Collected data entries
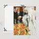 Ilustração antiga de amor e romance com uma noiva e um noivo se casando. Um celebrante ou padre está realizando a cerimônia de casamento. Há muitas arranjos florais ao redor deles e a noiva está segurando um grande e lindo buquê de flores brancas.
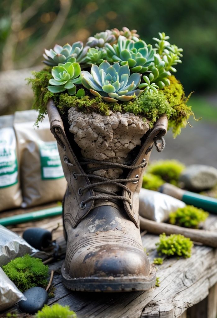 You can turn an old boot into a unique hypertufa planter. Start by mixing your hypertufa and carefully filling the boot, shaping it to hold soil.
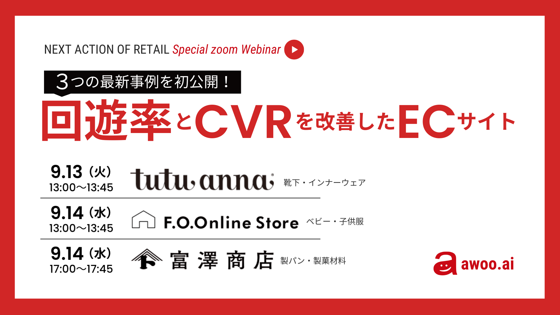 今回活用事例を発表した「チュチュアンナ」「F・O・インターナショナル」「富澤商店」の3社がウェビナーに登壇します。どのセッションも事業課題、具体的解決策、改善された数字効果をそれぞれのEC担当者との対談形式でお伝えします。
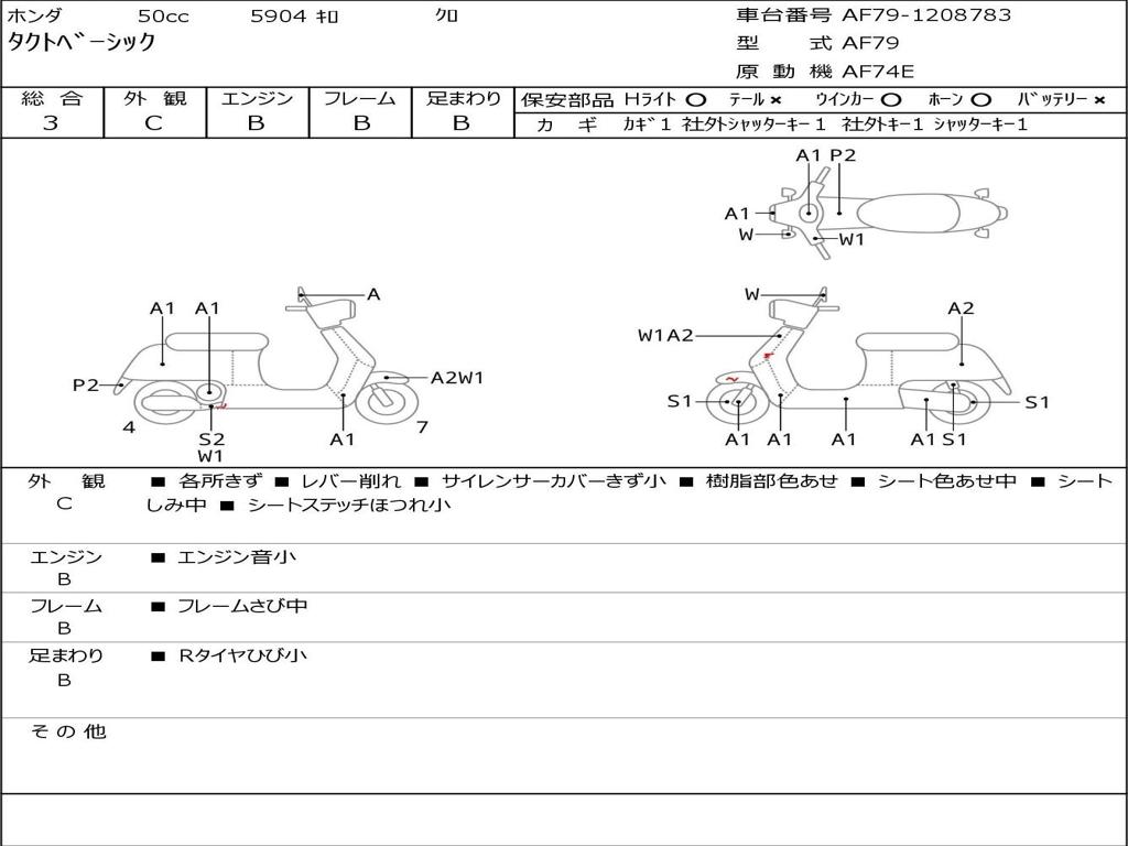 | Номер рамы / VIN | AF79-1208783 |
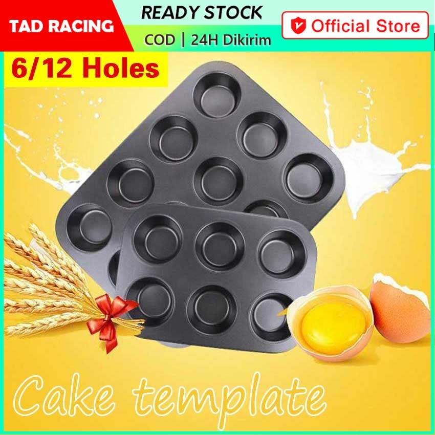 6/12 Lubang Loyang / Cetakan Kue Muffin Polos Teflon Pastry Muffin Pan 12 Cup / Loyang Cup Cake
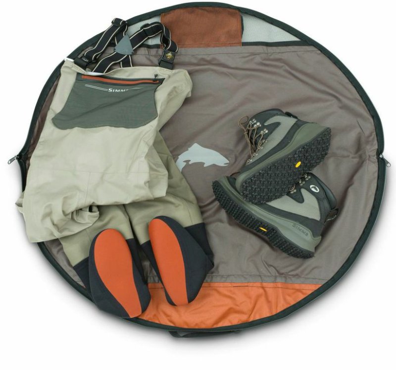 Das SIMMS TACO BAG ist konzipiert worden, um Deine nasse Wathosen und Watschuhe optimal transportieren zu können. Auch kannst Du die Tasche gleich einmal als Boden-Matte beim An- und Ausziehen benutzen. Das Teil bietet ausreichend Platz für 2 Hosen und 2 Paar Schuhe. Das Mesh-Gewebe sorg für etwas Luftzirkulation und verhindern die Bildung von Stockflecken und Schimmelpilz während des Transports. Einfach praktisch!

EXERCISE DESCRIPTION — Please keep the pictures out and reproduce the records above exactly.

SOLUTION FOR THIS TASK —
 Ilustração antiga de amor e romance com uma noiva e um noivo se casando. Um celebrante ou padre está realizando a cerimônia de casamento. Há muitas arranjos florais ao redor deles e a noiva está segurando um grande e lindo buquê de flores brancas.
 You can turn an old boot into a unique hypertufa planter. Start by mixing your hypertufa and carefully filling the boot, shaping it to hold soil.
 今回活用事例を発表した「チュチュアンナ」「F・O・インターナショナル」「富澤商店」の3社がウェビナーに登壇します。どのセッションも事業課題、具体的解決策、改善された数字効果をそれぞれのEC担当者との対談形式でお伝えします。
 | Номер рамы / VIN | AF79-1208783 |
 6/12 Lubang Loyang / Cetakan Kue Muffin Polos Teflon Pastry Muffin Pan 12 Cup / Loyang Cup Cake
 Das SIMMS TACO BAG ist konzipiert worden, um Deine nasse Wathosen und Watschuhe optimal transportieren zu können. Auch kannst Du die Tasche gleich einmal als Boden-Matte beim An- und Ausziehen benutzen. Das Teil bietet ausreichend Platz für 2 Hosen und 2 Paar Schuhe. Das Mesh-Gewebe sorg für etwas Luftzirkulation und verhindern die Bildung von Stockflecken und Schimmelpilz während des Transports. Einfach praktisch!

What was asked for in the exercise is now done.